ABOUT THIS TASK
Nothing but the lines from the one that holds "Recliners are usually" through the end of the material should be repeated, each exactly as it stands, and pictures stay out.

RECORDS TO USE
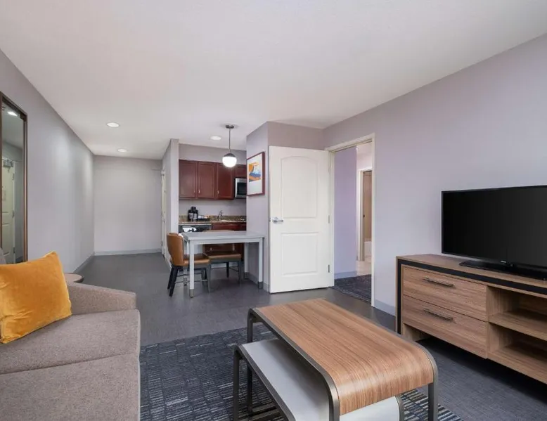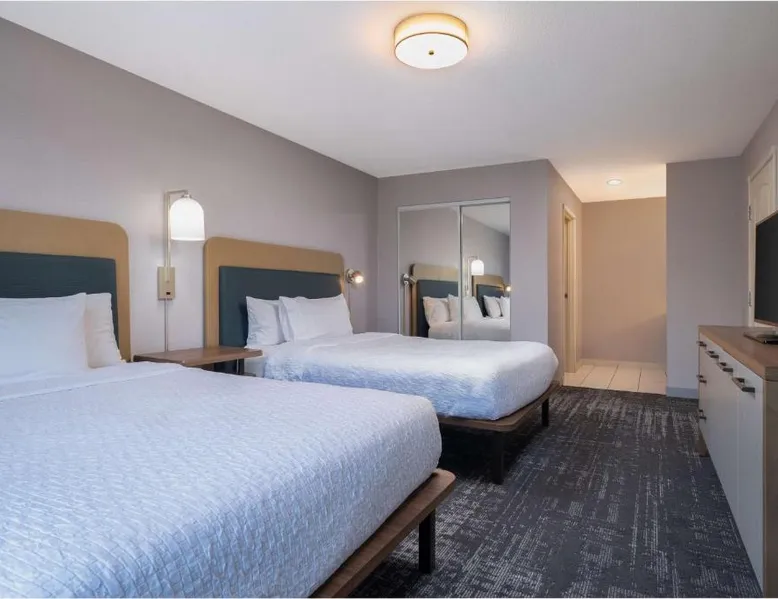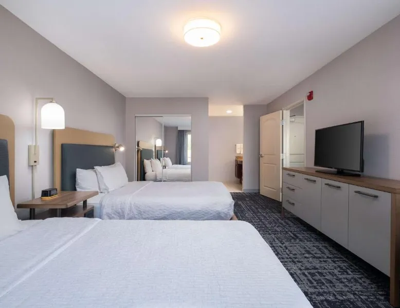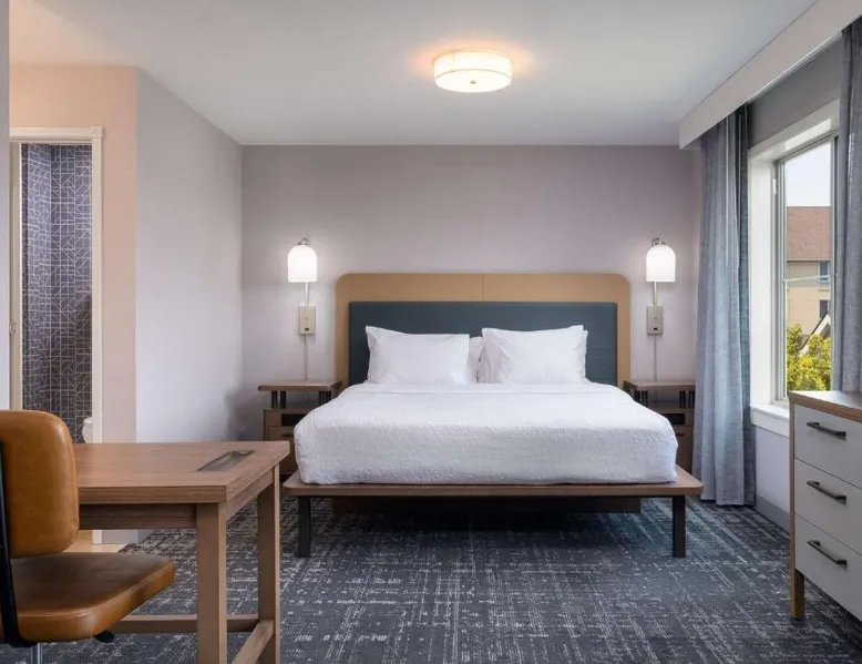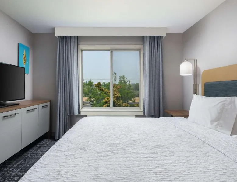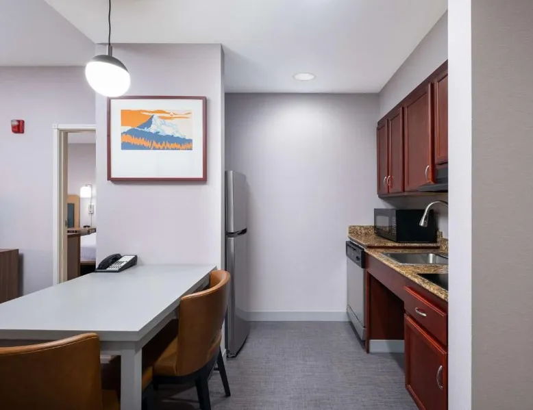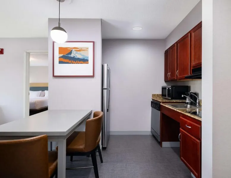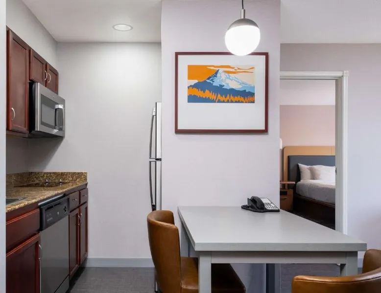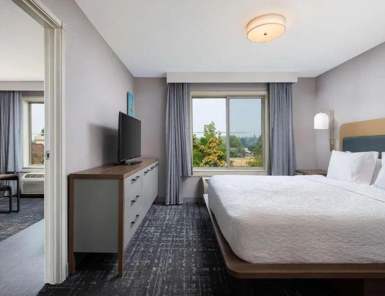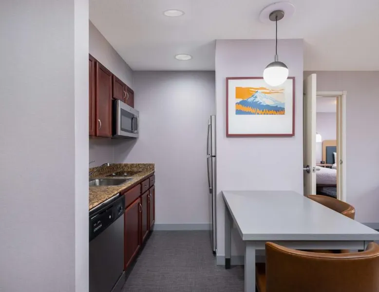 Comfortable Accommodations: Homewood Suites Medford in Medford offers spacious rooms with air-conditioning, kitchen facilities, and free WiFi. Guests enjoy amenities such as a fitness room, hot tub, and 24-hour front desk. Convenient Facilities: The hotel provides a free airport shuttle service to Rogue Valley International-Medford, 5.6 mi away. Additional services include a shuttle service, free on-site parking, and a continental buffet breakfast. Local Attractions: Nearby attractions include Oregon Shakespeare Festival (12 mi), Lithia Park (12 mi), and Ashland Library (12 mi). An ice-skating rink is also available in the surrounding area. Guest Satisfaction: Guests appreciate the room size, cleanliness, and comfort, making Homewood Suites Medford a preferred choice for accommodations. In the well-equipped kitchen, guests will find a stovetop, a refrigerator, a dishwasher and kitchenware. This studio has air conditioning, heating and a flat-screen TV. The unit has 2 beds.
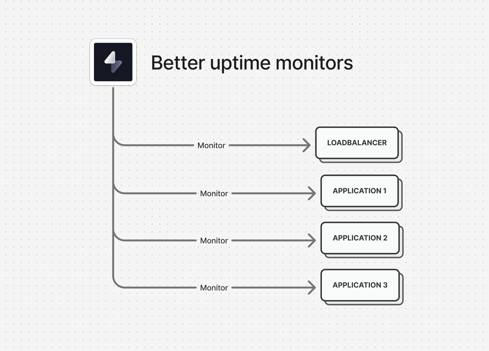 Now, we monitor all of our infrastructure components using BetterUptime - that's our 3 application servers plus our load balancer. If one of our app servers goes down, it's not ideal, but it's not an emergency. We have redundancy there. But our load balancer? That's our single point of failure. When that goes down, everything goes down.
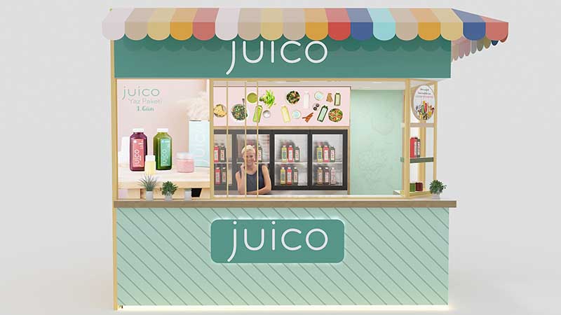 Kanyon alış veriş merkezi içi kiosk stand tasarım çalışmamız.
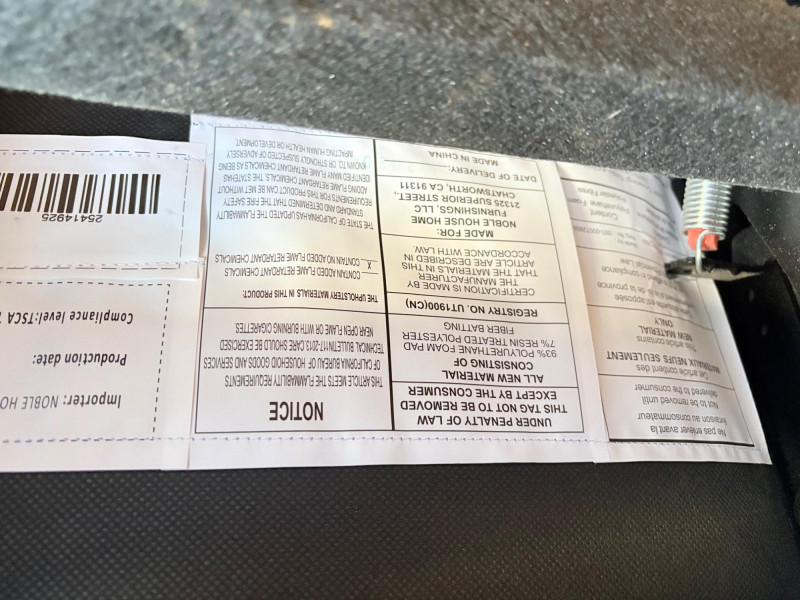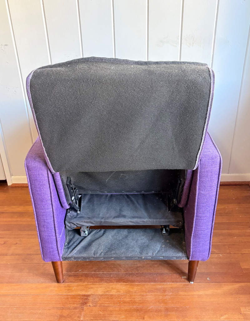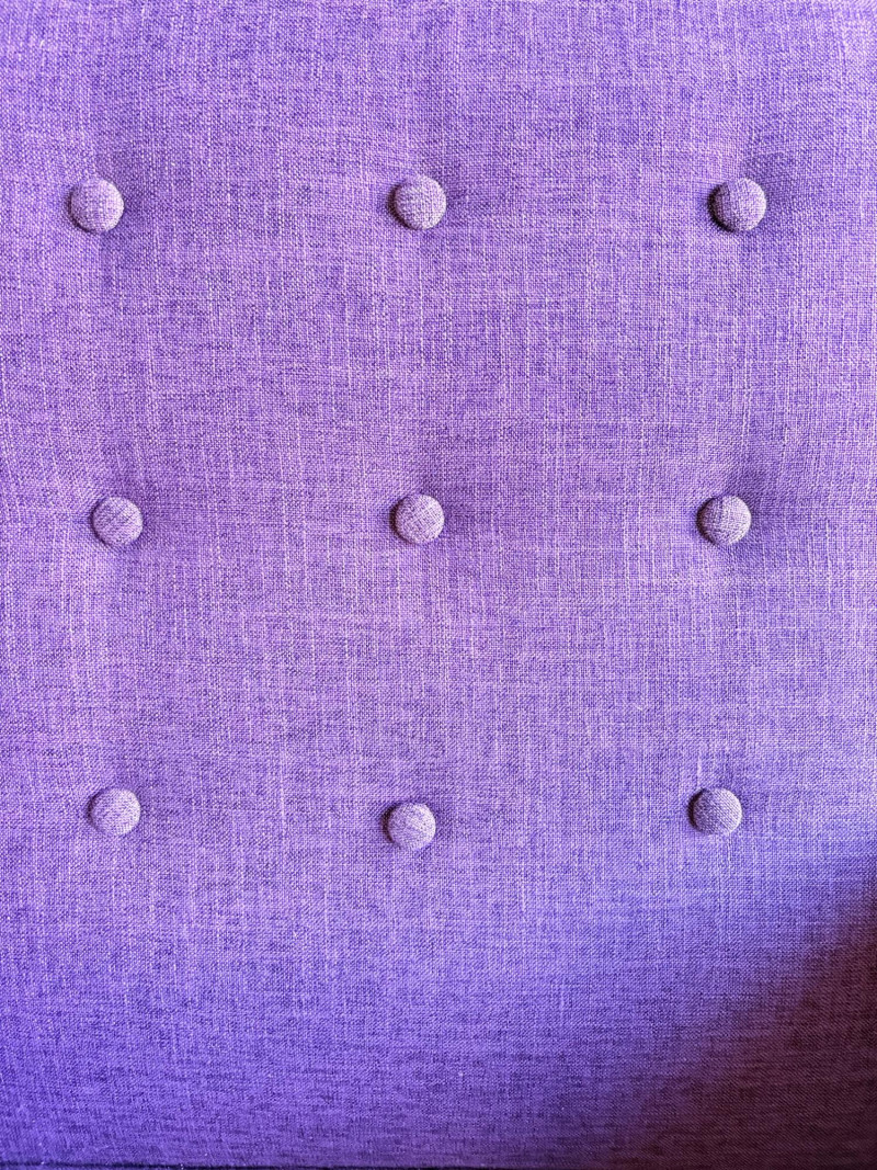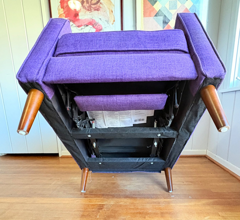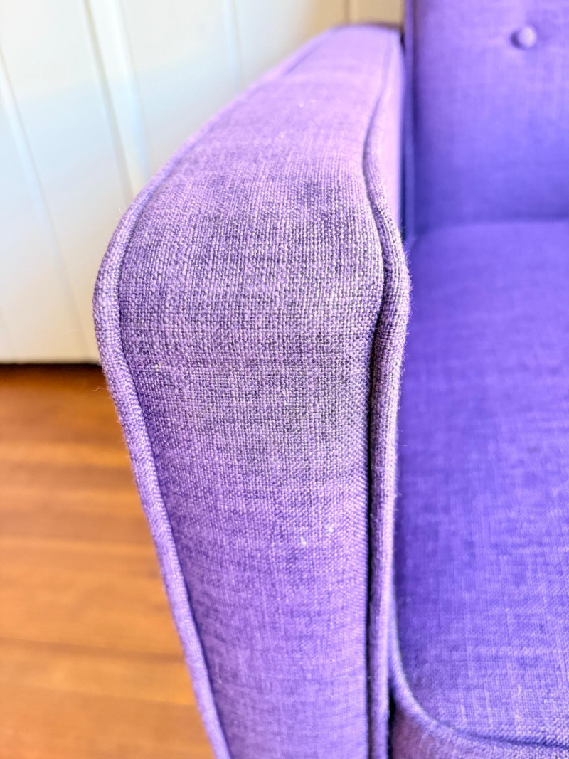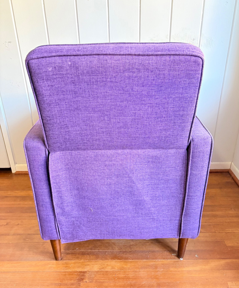 Recliners are usually fugly, right? Well, that's not the case here! This purple chair IS a recliner upholstered in purple linen-like material with a button-tufted back and brown wooden legs. Rather than being overstuffed and bulky, it has a slim profile and pushes back to recline; the fact that is is a recliner isn't readily obvious when upright. Sold by Noble House Furnishings of California. Measures 37" H x 27" W x 35" D when upright, extends to 60" deep when reclined - great for a smaller room corner. Please note that this chair has seen a lot of love. While it is structurally sound, it really needs a good upholstery cleaning; particularly along the arms where one grabs as you lean back to engage the recline system. Note that this is the same exact design as the recliner in Lot #89, just a different colorway.
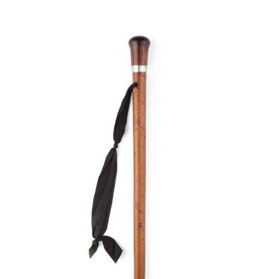 Malacca, with a brown domed wooden knop, white-metal collar and brass/iron ferrule; the cane with a tassel-hole below the collar, retaining its brass grommets and enclosing a length of black silk ribbon, knotted in three places, the collar engraved ‘MR JOHN CAIRD, MONTROSE Died 11th Decr. 1790 Aged 73’
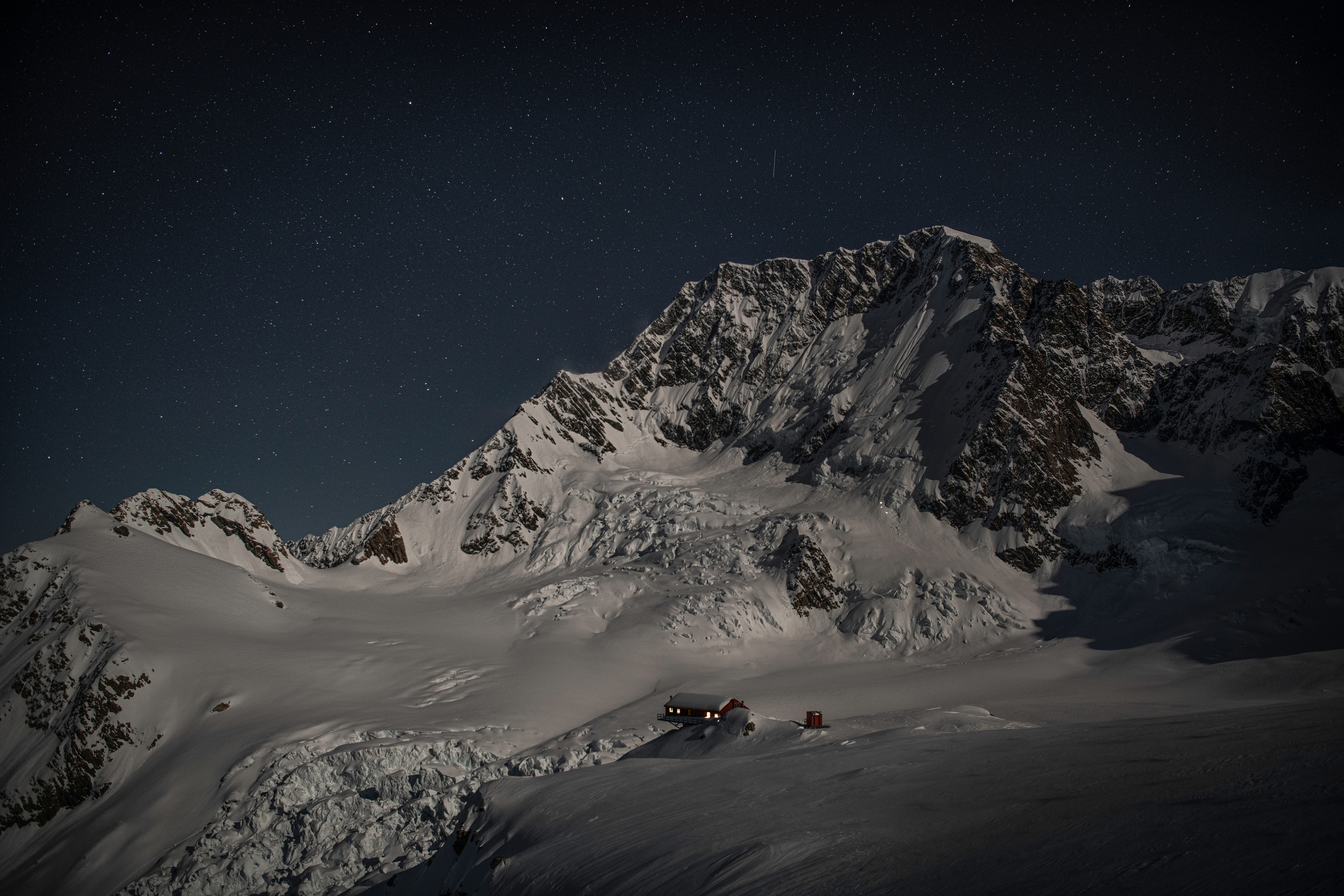 Surprisingly, on the second day into our trip, three men arrived at Plateau Hut. As luck would have it, they planned to climb Mount Cook through the Linda Glacier route. I knew this was my chance.  The three mountaineers set off at 1am on 16 September. From the hut, I could see three tiny headlights moving up the glacier in the darkness towards the giant wall of the Linda Glacier.

SOLUTION TO THIS PROBLEM
 Recliners are usually fugly, right? Well, that's not the case here! This purple chair IS a recliner upholstered in purple linen-like material with a button-tufted back and brown wooden legs. Rather than being overstuffed and bulky, it has a slim profile and pushes back to recline; the fact that is is a recliner isn't readily obvious when upright. Sold by Noble House Furnishings of California. Measures 37" H x 27" W x 35" D when upright, extends to 60" deep when reclined - great for a smaller room corner. Please note that this chair has seen a lot of love. While it is structurally sound, it really needs a good upholstery cleaning; particularly along the arms where one grabs as you lean back to engage the recline system. Note that this is the same exact design as the recliner in Lot #89, just a different colorway.
 Malacca, with a brown domed wooden knop, white-metal collar and brass/iron ferrule; the cane with a tassel-hole below the collar, retaining its brass grommets and enclosing a length of black silk ribbon, knotted in three places, the collar engraved ‘MR JOHN CAIRD, MONTROSE Died 11th Decr. 1790 Aged 73’
 Surprisingly, on the second day into our trip, three men arrived at Plateau Hut. As luck would have it, they planned to climb Mount Cook through the Linda Glacier route. I knew this was my chance.  The three mountaineers set off at 1am on 16 September. From the hut, I could see three tiny headlights moving up the glacier in the darkness towards the giant wall of the Linda Glacier.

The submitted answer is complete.